* **Data section**

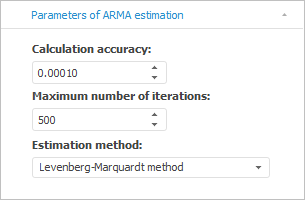 Estimation Method. Select the ARMA coefficient estimation method in the drop-down list.
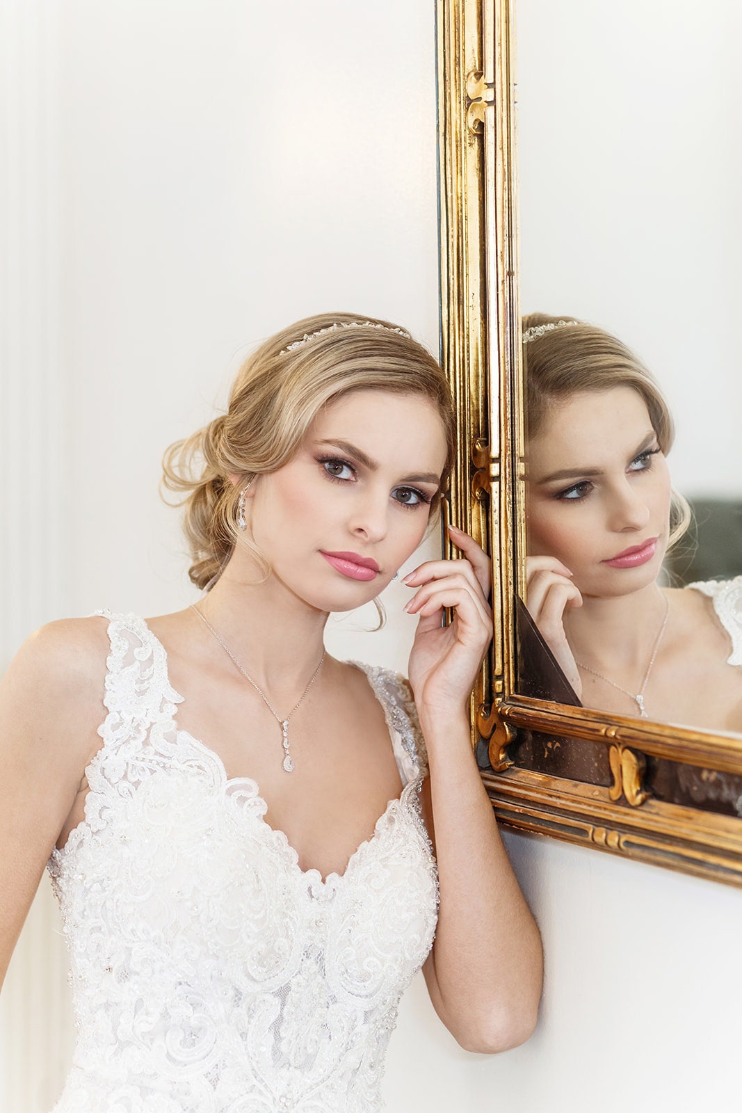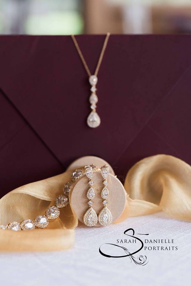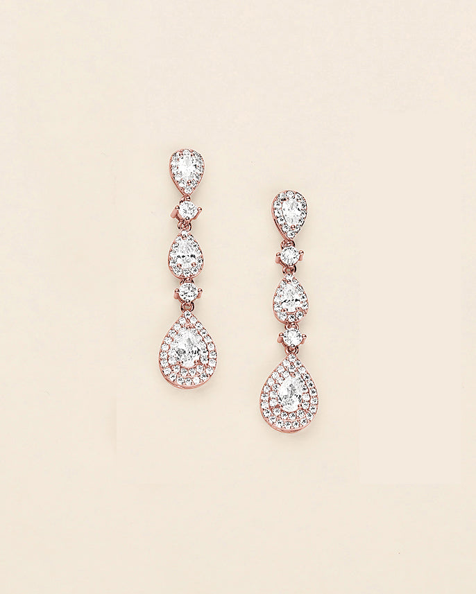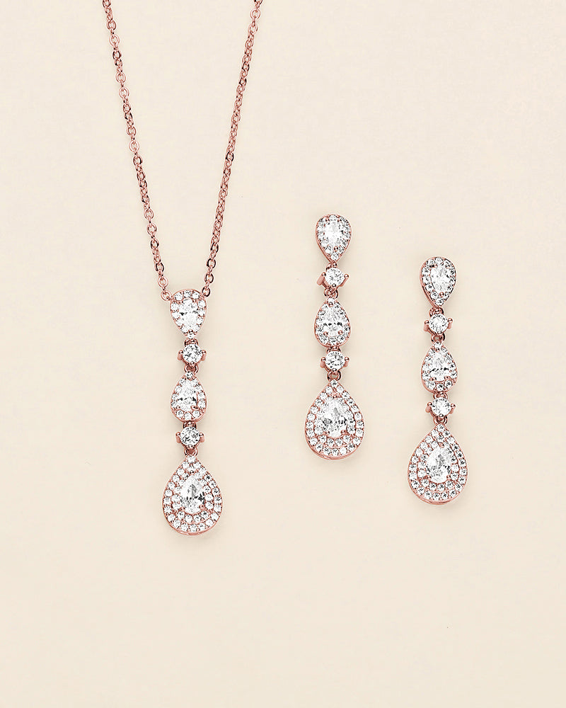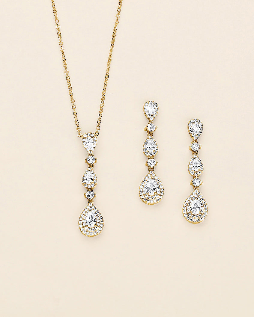 These brilliant earrings will surely add sparkle on your special day! Boasting brilliant cubic zirconia in a medium length dangle earring of pear and round stones. Earrings measure 1 1/2". Matching optional bracelet available measuring 7". Optional necklace necklace measures I adjustable from 16"-18". Available in silver, gold or rose gold!
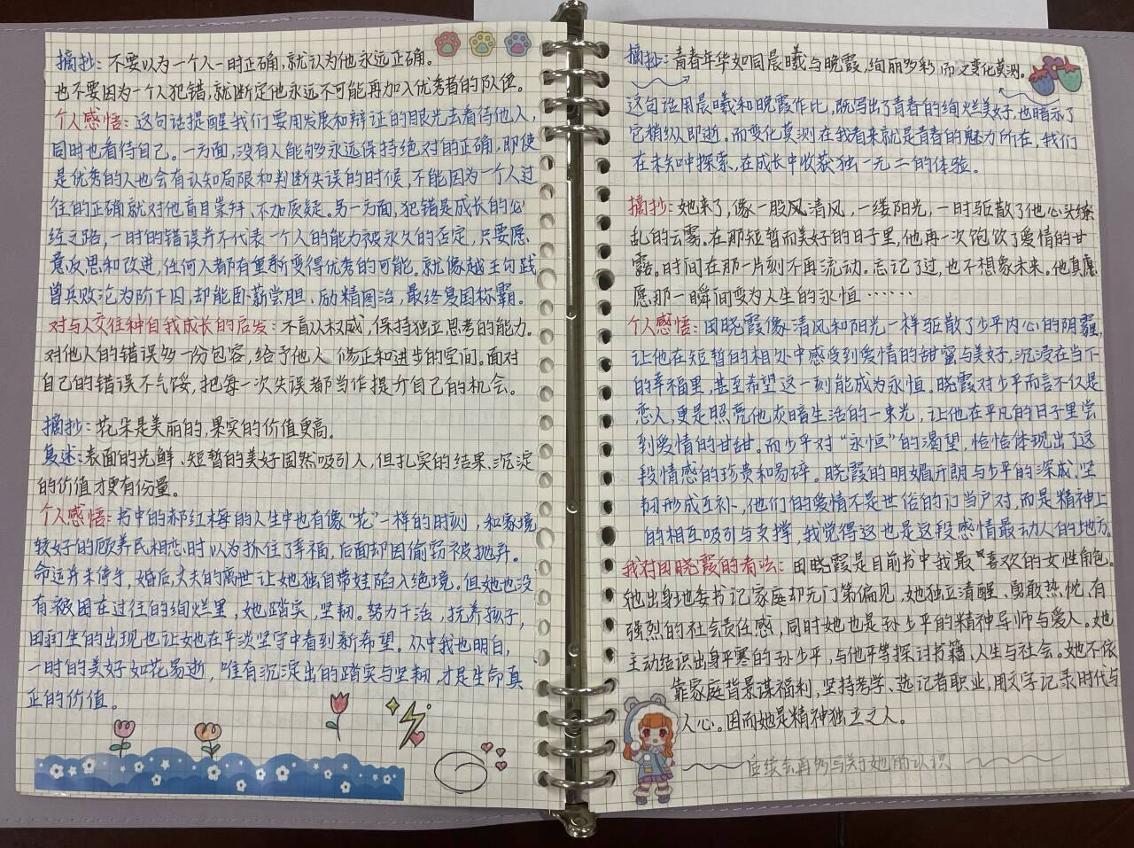 本次大赛以“书海撷珍萃,笔记著思章”为主题,历时近2个月,采用“线上打卡+线下评比”的结合形式,全方位展现外院学子热爱阅读、勤于思考、乐于积累的精神风貌。参赛作品内容丰富多元,覆盖中文、英语、日语等多种语言,不仅有经典名著的好词好句摘抄,也有深入独到的读后感想与点评。一份份字迹工整、排版精美的读书笔记,既承载着同学们沉浸式阅读的思考结晶,也彰显了外院学子严谨治学、笃学不倦的求学态度。

* **Assigned task**
In transcribing the lines above, omit the images and keep all else exact.

* **Response area**
 Estimation Method. Select the ARMA coefficient estimation method in the drop-down list.
 These brilliant earrings will surely add sparkle on your special day! Boasting brilliant cubic zirconia in a medium length dangle earring of pear and round stones. Earrings measure 1 1/2". Matching optional bracelet available measuring 7". Optional necklace necklace measures I adjustable from 16"-18". Available in silver, gold or rose gold!
 本次大赛以“书海撷珍萃,笔记著思章”为主题,历时近2个月,采用“线上打卡+线下评比”的结合形式,全方位展现外院学子热爱阅读、勤于思考、乐于积累的精神风貌。参赛作品内容丰富多元,覆盖中文、英语、日语等多种语言,不仅有经典名著的好词好句摘抄,也有深入独到的读后感想与点评。一份份字迹工整、排版精美的读书笔记,既承载着同学们沉浸式阅读的思考结晶,也彰显了外院学子严谨治学、笃学不倦的求学态度。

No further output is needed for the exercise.